Less than two weeks after the bombing of the Boston Marathon, details are still emerging about whether U.S. intel agencies, specifically the FBI, were on the job and whether Tamerlan Tsarnaev slipped through an inefficient web of overlapping and confusing jurisdictions -- despite billions of U.S. dollars funding multiple intel organizations and a significant erosion of the country's once cherished Bill of Rights.

According to the president's 2013 budget request, $52.6 billion will fund the National Intelligence Program which will be spread to include intel programs at the CIA, FBI, Pentagon and Departments of Homeland Security, State and Justice. This is not to say that those agencies will not receive additional funding directly through its own budget process with, for instance, the Department of Homeland Security receiving $68.9 billion in 2013 which will trickle $4 billion down to the FBI for its domestic counter-terror efforts.

So which agencies knew what and when did they know it? Here's where it gets really thought-provoking:

  • For starters, with a House Homeland Security Committee hearing pending, the public might be interested to know how a wounded 19-year-old with no real resources at his disposal eluded the world's greatest military arsenal and an estimated force of 9,000 law enforcement officers for almost 24 hours, much of it in broad daylight. The Associated Press quoted two unnamed officials that Dzhokhar Tsarnaev was unarmed when he was apprehended thereby removing the need for armed SWAT team house-to-house searches.

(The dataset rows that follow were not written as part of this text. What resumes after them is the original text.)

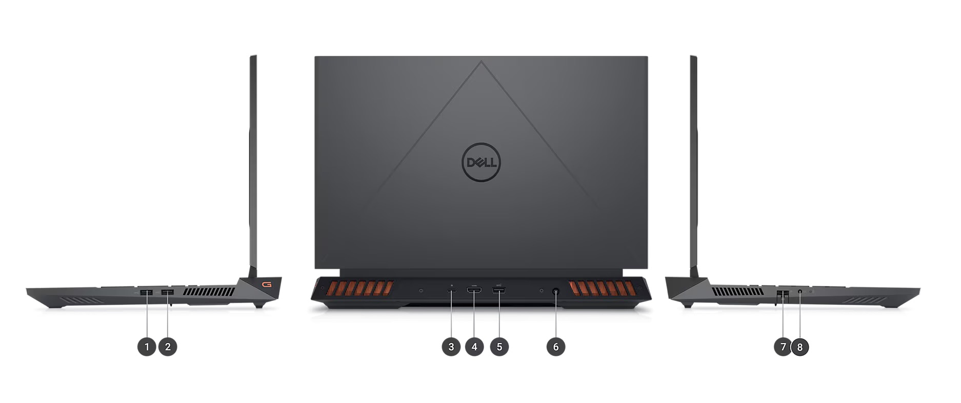 Khi nói đến kết nối và cổng, Dell G15 5530 không làm người dùng phải thất vọng khi nó sở hữu các tùy chọn kết nối như HDMI, DisplayPort và cổng sạc được đặt ở phía sau. Những thứ như cổng LAN, giắc cắm tai nghe 3.5 mm và một vài cổng USB-A cũng được nhà sản xuất trang bị ở hai bên, giúp nó dễ dàng kết nối với các thiết bị ngoại vi.
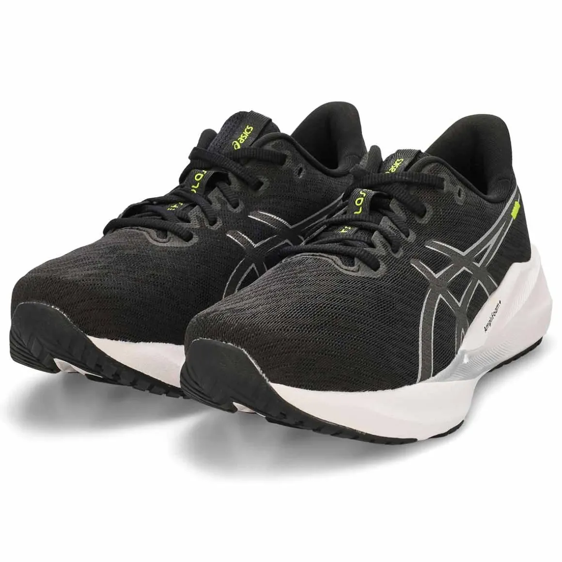 The Verablast 4 Black/Pure Silver lace up Performance Sneaker from Asics is a versatile training partner for varied workouts and running regimens. Inspired by their Blast Beyond Series, Asics wanted to make this shoe softer and lighter. It’s designed to provide good comfort for a range of activities. Push-Off: You experience even distribution from the front of the foot. Designed For Neutral/Underpronation. Wide Width.
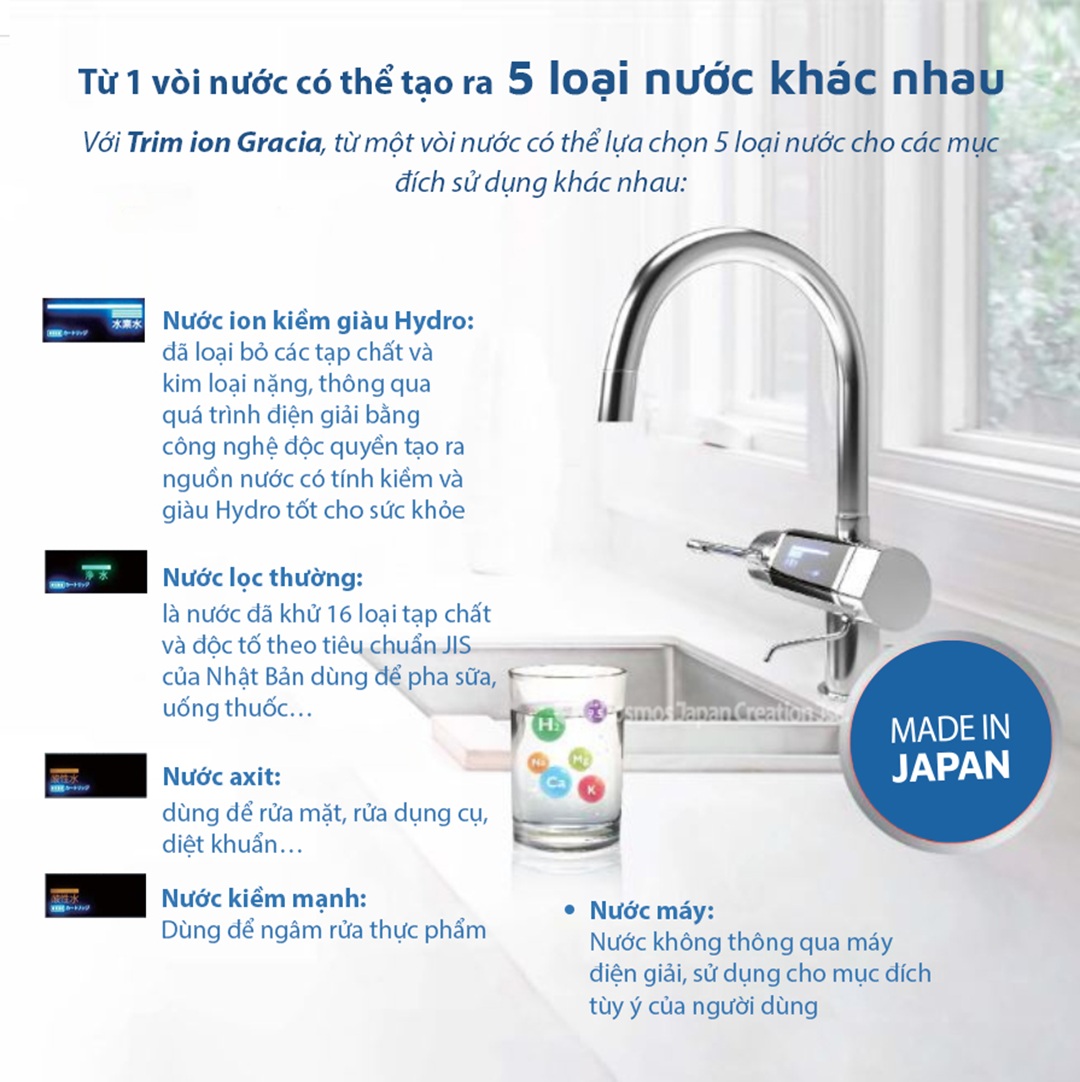 Trim Ion Gracia cung cấp 5 loại nước với dải pH từ 3.5 đến 10.5, đáp ứng nhu cầu sử dụng hàng ngày cho cả gia đình.

  • Almost immediately, the Senate Intelligence Committee held a closed door hearing with the FBI after which Sen. Richard Burr (R-NC) emerged stating that the FBI confirmed 'multiple' contacts with Tamerlan Tsarnaev. The FBI is still standing by its earlier version that it interviewed the older brother once prior to his 2012 trip to Russia.
  • Sen. Burr's comments lend some credence to what Zubeidat Tsarnaev, the mother of Tamerlan and Dzhokhar, has been saying for days -- that the FBI visited her oldest son on multiple occasions and even visited her. NBC is now reporting that the FBI also visited "members of the Tsarnaev 'family' -- presumably confirming some of her earlier assertions.
  • On April 18, the FBI released a video of two young men whose identity remained a mystery. The FBI said they needed the public's help in identifying the two men in question yet we now know that the FBI knew at least Tamerlan, the older son from interview(s) in 2011. How is it that no one at the FBI, presumably the agents who conducted the interview(s), trained to be more observant than the average citizen, did not recognize Tamerlan?
  • CBS is now reporting that the CIA requested the addition of Tamerlan's name to the TIDE database 18 months ago after being contacted by Russian authorities (who had earlier contacted the FBI) due to what they perceived to be his association with Chechen terrorists. The elder Tsarnaev's name was added to the classified "Terrorist Identities Datamart Environment" list of "suspected terrorists" which includes approximately half a million Americans.
  • Despite earlier denials by the FBI that they did not know the Tsarnaev brothers and then later confirming that they had interviewed Tamerlan in 2011 without any follow-up and that they did not catch his trip to Russia in 2012 because his name was misspelled yet Janet Napolitano testified before the Senate Judiciary Committee on April 23 that the Homeland Security system 'pinged' when Tamerlan left for Russia in January, 2012. The misspelling of Tamerlan's name may be indicative of competing databases since presumably once a name is in the system, it is in the system or perhaps the relevant agencies have not integrated their procedures.
  • Meanwhile, a New York Times editorial of Aug. 22 entitled "How to Handle a Terrorism Case" cited the "superb civilian police work" that led to the capture of Defendant Tsarnaev -- but failed to mention one word about the Boston lockdown or violations of the Fourth Amendment by the house-to-house searches as if they had never occurred. The editorial goes on to warn of allowing "raw emotions associated with a terrorism case to trample on the American system of justice."

    During the FBI's 'public safety' interrogation before the Miranda rights were read, Dzhokhar Tsarnaev clearly identified the reason for their attack at the marathon. It came as no surprise that their opposition to U.S .foreign policy in Afghanistan and Iraq and its brutal assaults on Islam would be motivating factors.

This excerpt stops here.